6. SAST-Judge in Causal Inference and IV Validation

In the econometric literature, SAST-Judge also denotes a "sharp" specification test for the judge leniency IV design (Coulibaly et al., 2024). Here, SAST-Judge leverages the observable distributional implications (as inequalities over treated/untreated expectations conditional on instrument propensity) to assess the validity of random assignment, exclusion, and monotonicity, using test statistics based on gridwise unconditional moments. Under violations, identification can be salvaged via partial monotonicity and exclusion, recovering local marginal treatment effects. Simulation studies show the sharp SAST-Judge test outperforms non-sharp alternatives and empirically detects subtle design violations in real-world judicial data.
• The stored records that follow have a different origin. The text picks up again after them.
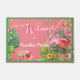 (achtergrondkleur en naamtekst) het Welkome mat van Flamingo. koraal, zongeel en oerwoud groene kleuren overheersen in een paradijs van bladeren en bloemen. Tropische groeten verwelkomen je gasten. Dit is een spiegelversie van het originele Paradise Flamingo met verschillende plaatsingen en achtergrondkleur van koraalroze.
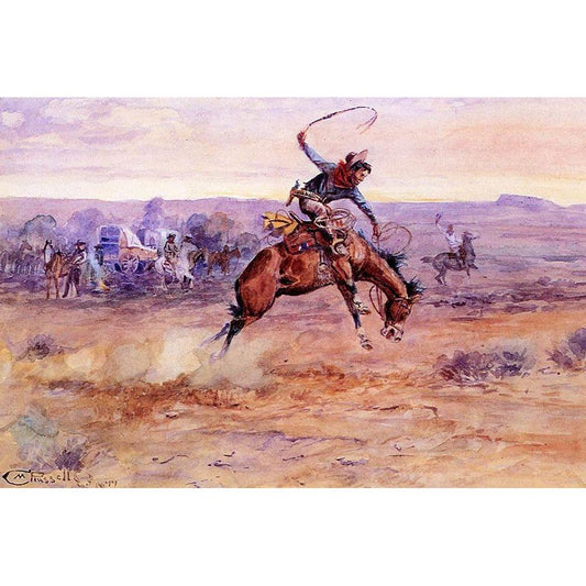 Bucking Bronco White Modern Wood Framed Art Print by Russell, Charles Marion
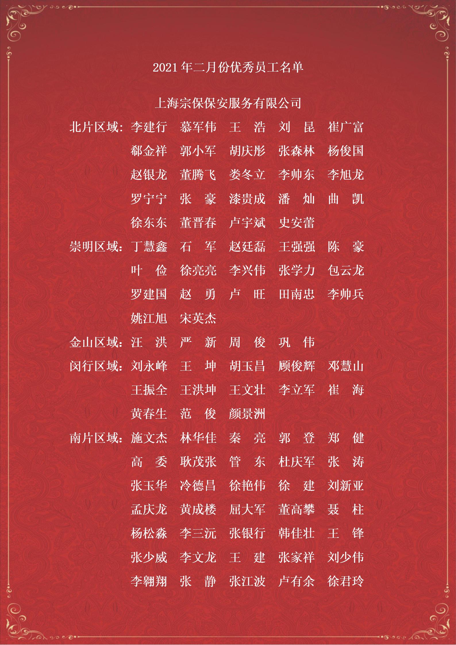 二月份正值2021年新春佳節(jié),廣大員工響應(yīng)“疫情防控非必要不返鄉(xiāng)”的號(hào)召,舍棄與家人團(tuán)聚,不分心不走神,按照甲方的要求,服從公司的部署,凝心聚力,積極投入到各項(xiàng)輔助安全保障、市容協(xié)管工作之中,期間涌現(xiàn)出了一批表現(xiàn)突出的優(yōu)秀個(gè)人。為表彰先進(jìn),樹立典型,激勵(lì)后進(jìn),在各項(xiàng)目推薦,各部門審定把關(guān)的基礎(chǔ)上,經(jīng)公司董事會(huì)研究,決定對(duì)2月份工作表現(xiàn)優(yōu)異的李建行等157名優(yōu)秀員工,予以通報(bào)表彰獎(jiǎng)勵(lì)(獎(jiǎng)金已隨二月份工資發(fā)放)。
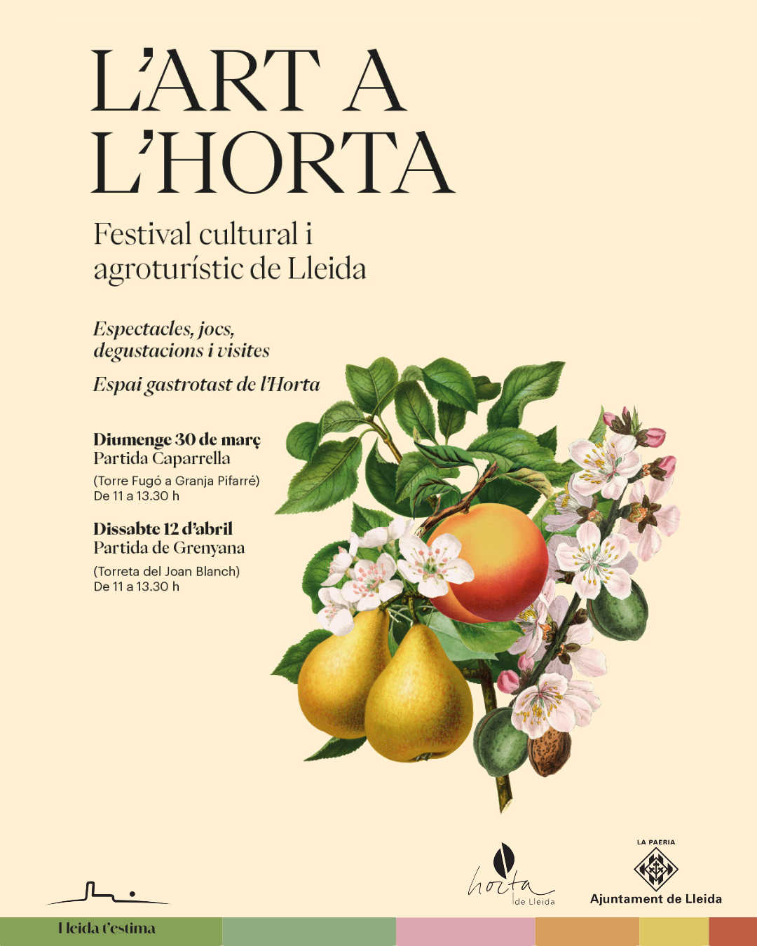 L’Horta de Lleida tornarà a omplir-se d’arts escèniques i degustacions de productes de quilòmetre 0 el pròxim dissabte, 12 d’abril, en el marc del festival cultural i agroturístic L’Art a l’Horta. Aquesta vegada, l’activitat se centrarà a la Partida de Granyana. Per afavorir una mobilitat sostenible fins a Torreta del Joan Blanch, hi haurà autobusos gratuïts des del centre de la ciutat i una bicicletada gratuïta amb inscripció prèvia en aquest enllaç.
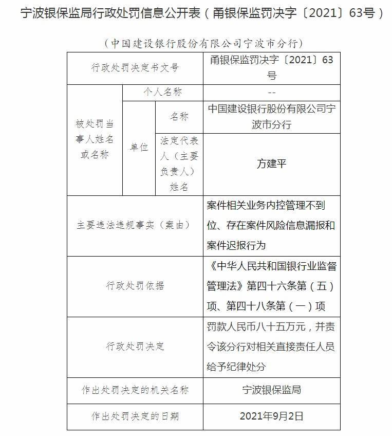 中新经纬客户端9月10日电 10日,银保监会网站公布了宁波银保监局开出的多张罚单。其中,文号为甬银保监罚决字〔2021〕63号的行政处罚决定书文号显示,因存在案件相关业务内控管理不到位、存在案件风险信息漏报和案件迟报行为的违法违规事实,中国建设银行股份有限公司宁波市分行被罚款人民币85万元,并责令该分行对相关直接责任人员给予纪律处分.
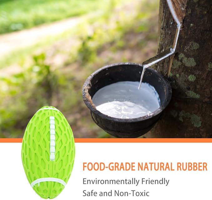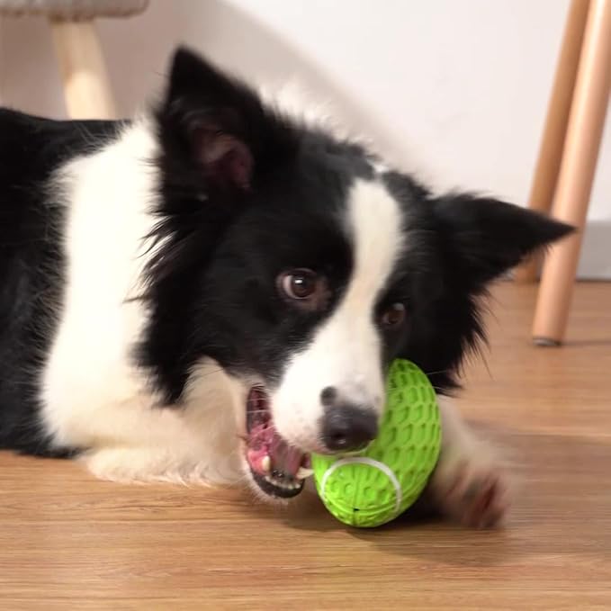- 🐕【Attractive Design with Squeaker】Featuring a classic football design and give your dog the ultimate chewing experience. Its grooved surface allows for easy gripping and quick biting. Plus, its built-in sound device makes squeaky sound which is irresistible to dogs.
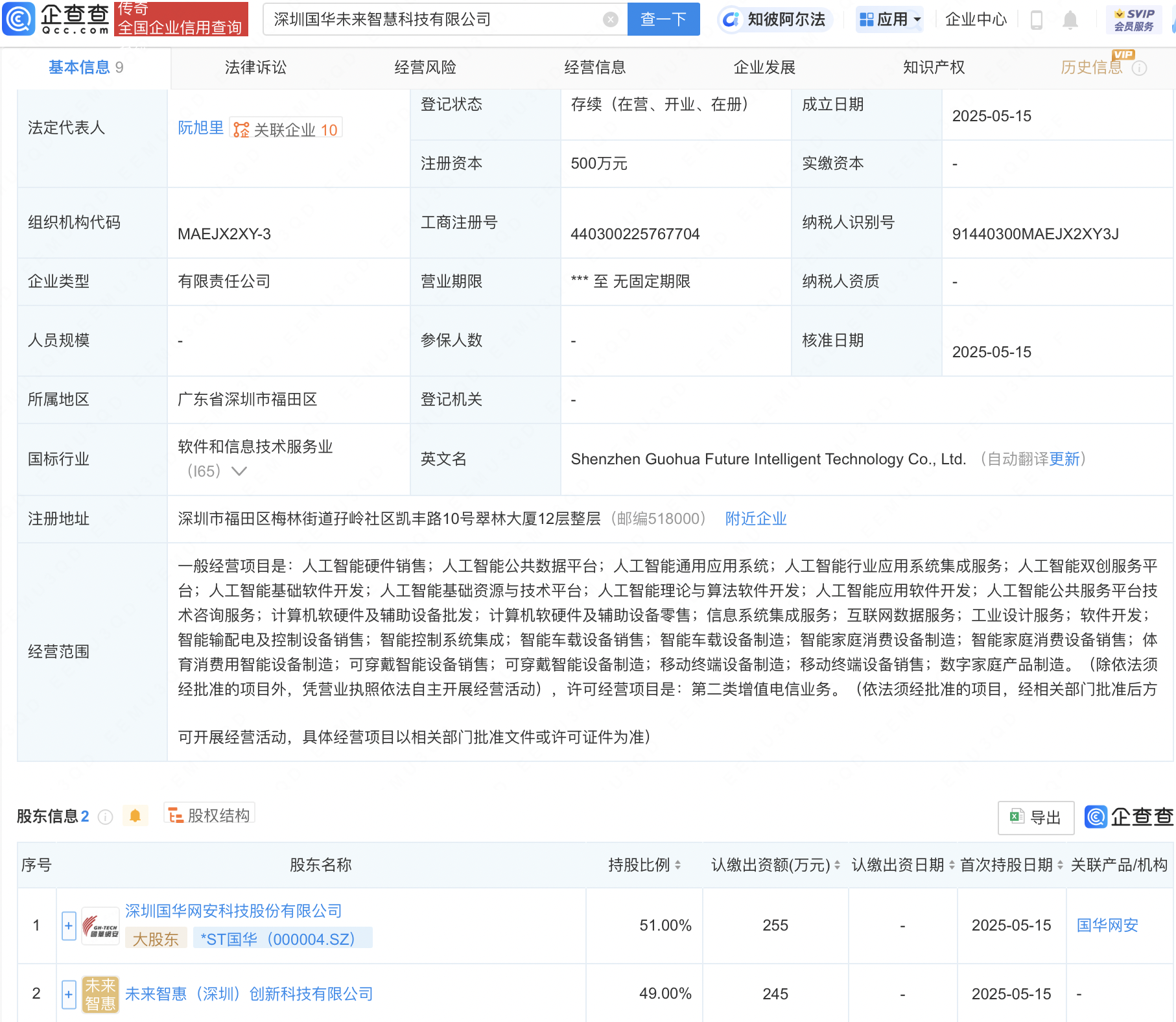 企查查APP显示,近日,深圳国华未来智慧科技有限公司成立,法定代表人为阮旭里,注册资本500万元,经营范围包含:人工智能硬件销售;人工智能公共数据平台;人工智能通用应用系统;人工智能行业应用系统集成服务等。企查查股权穿透显示,该公司由*ST国华(000004)等共同持股。
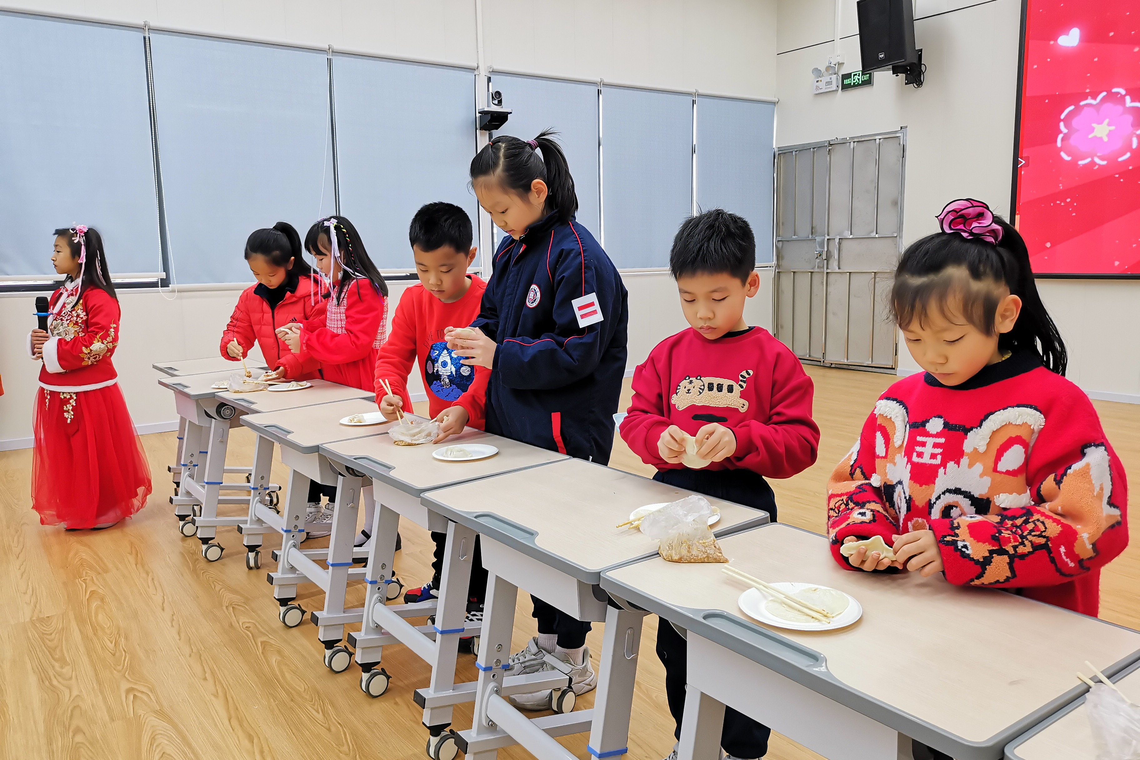 “五育并举饺饺者”,二年级学生、老师一起在台上包饺子,包住福运,年年好运气。
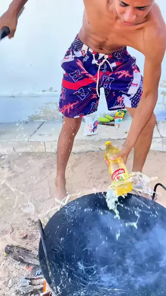 Fritando banana no tacho
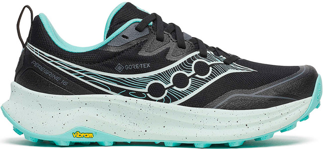 Pensando en escenarios mojados e invernales, Saucony propone la opción Peregrine 16 con membrana Gore-Tex. Por tanto, disponemos de las Peregrine 16 “tres estaciones” y una versión GTX destinada a la temporada invernal. Es idéntica a la versión “estándar”, pero impermeable, a la par que transpirable, gracias a la eficaz membrana Gore-Tex que reviste todo el upper. Aumenta mínimo gramaje sobre la báscula. Ahora bien, el hecho de que unas zapatillas sean impermeables/transpirables no impedirá que acabes con los pies encharcados, a no ser que utilices polainas. Sin ellas, las salpicaduras al cruzar charcos y tramos de nieve entrarán a través del cuello de la zapatilla. En nuestra opinión, toda zapatilla con membrana Gore-Tex, o de similar prestación, debería integrar polaina como parte de la zapatilla. Es la mejor fórmula para un resultado estanco. En todo caso, las Peregrine disponen de anilla delantera donde fijar polainas, que igualmente deberán ser impermeables y transpirables. Ojo, si entran salpicaduras de agua o nieve a través de la boca de la zapatilla, sea por no usar polainas, o porque no ajusten bien, el tejido Gore-Tex no drenará el líquido del interior de las zapatillas. Modesta sugerencia a Saucony: incluyan polainas integradas en las próximas Peregrine GTX. No tendrán competencia como zapatillas casi “voladoras” de uso invernal.
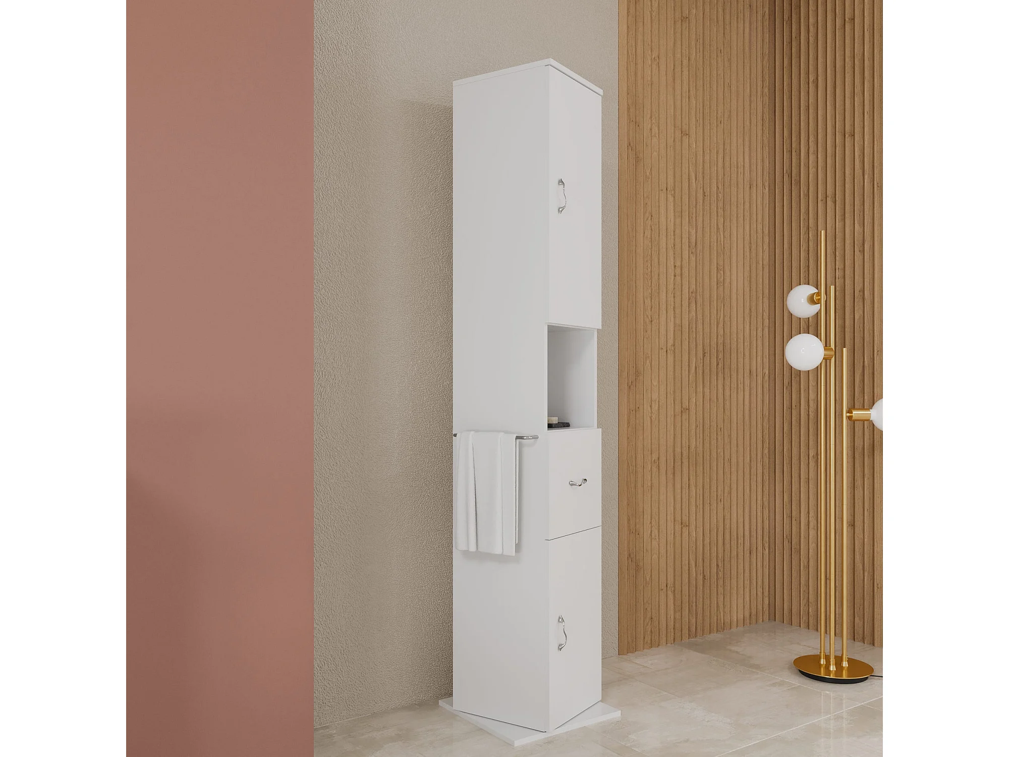 Colonne De Salle De Bains Pivotante 2 Portes, 1 Tiroir Et Compartiment Ouvert | Easy
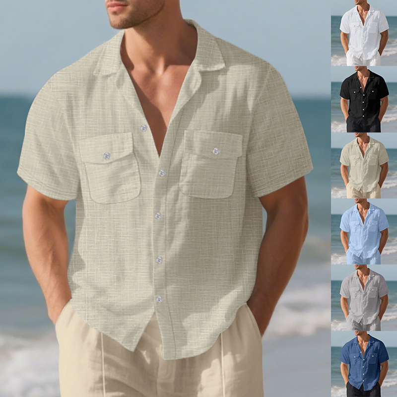Linen Long-sleeved Shirt For Men Cotton And Linen Pockets Non-iron Shirt
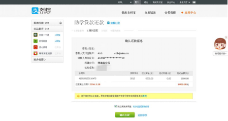 学生完成网上申请后,于当月20日前登陆支付宝网站(http://www.alipay.com)进行还款。
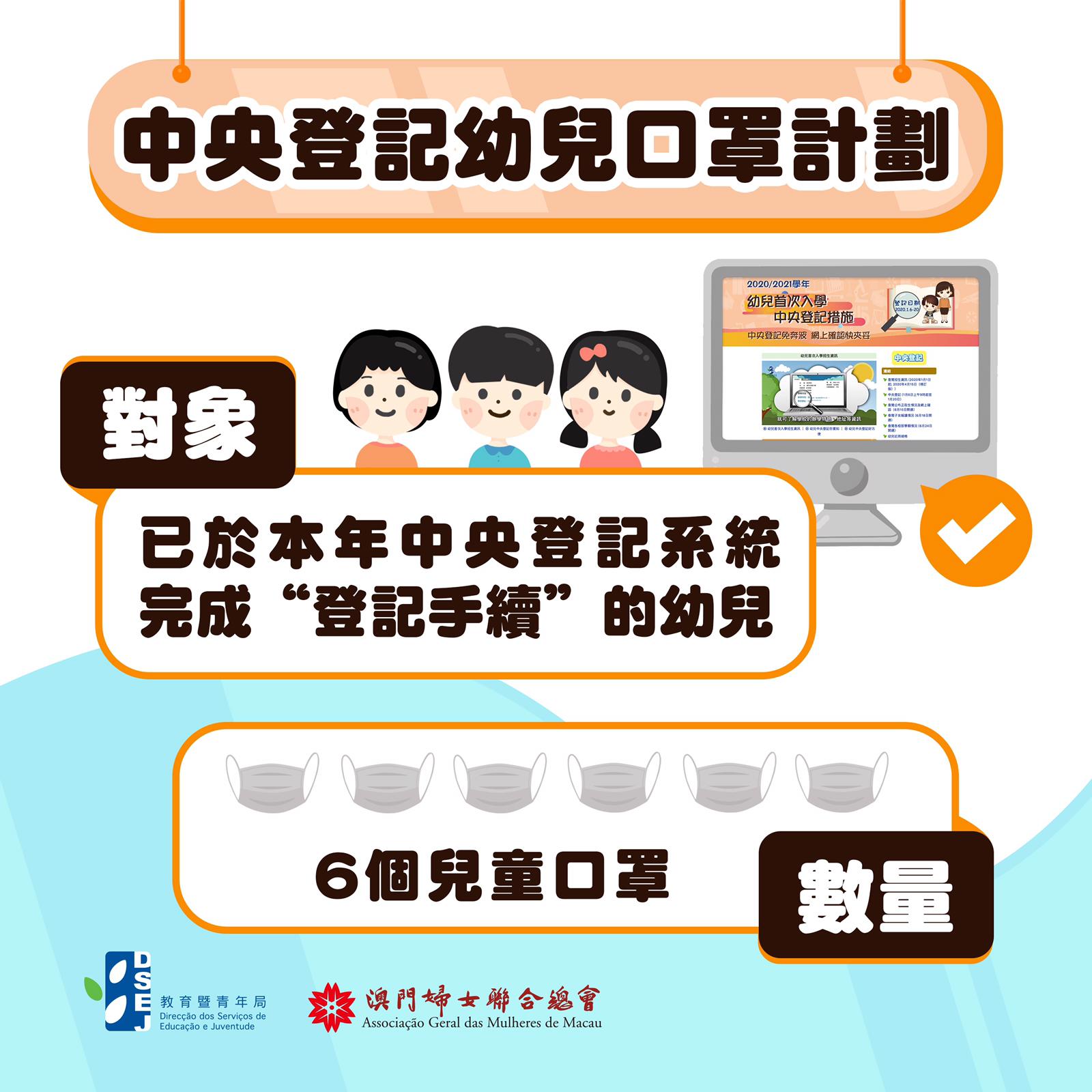 為關顧首次入學幼兒於5月2日起入學面談的需要及配合招生工作的開展,在衛生局的協助下,教青局將向中央登記約6,400名幼兒派發6個兒童口罩,並與澳門婦女聯合總會合作,透過其位於各區的5個領取點讓入學面談幼兒家長領取口罩。

7. Adoption, Operationalization, and Best Practices

Successful SAST-Judge implementation necessitates:

Investment in unified taxonomies and reporting normalization
Continuous benchmark updates with recently discovered CVEs for realism and data-leakage avoidance
Hybridization with LLMs and agentic workflows supporting actionable, single-label predictions enforced via prompting or post-processing
Metric-driven evaluation, emphasizing operational cost metrics (e.g., triage cost) and MCC in imbalanced settings
Integration as policy gates in CI/CD pipelines, dashboarding of high-risk counts, false positive rates, and average remediation delays

Potential pitfalls include underestimating the labor for taxonomy alignment; oversampling synthetic, non-representative benchmarks; or failure to monitor model and tool failure modes (e.g., parser or decompiler errors leading to silent FNs) (Zhu et al., 2024, Feiglin et al., 6 Jan 2026).

By adhering to SAST-Judge principles, evaluation frameworks can support reproducible, fair, and extensible benchmarking of security analysis systems across both program analysis and econometric applications.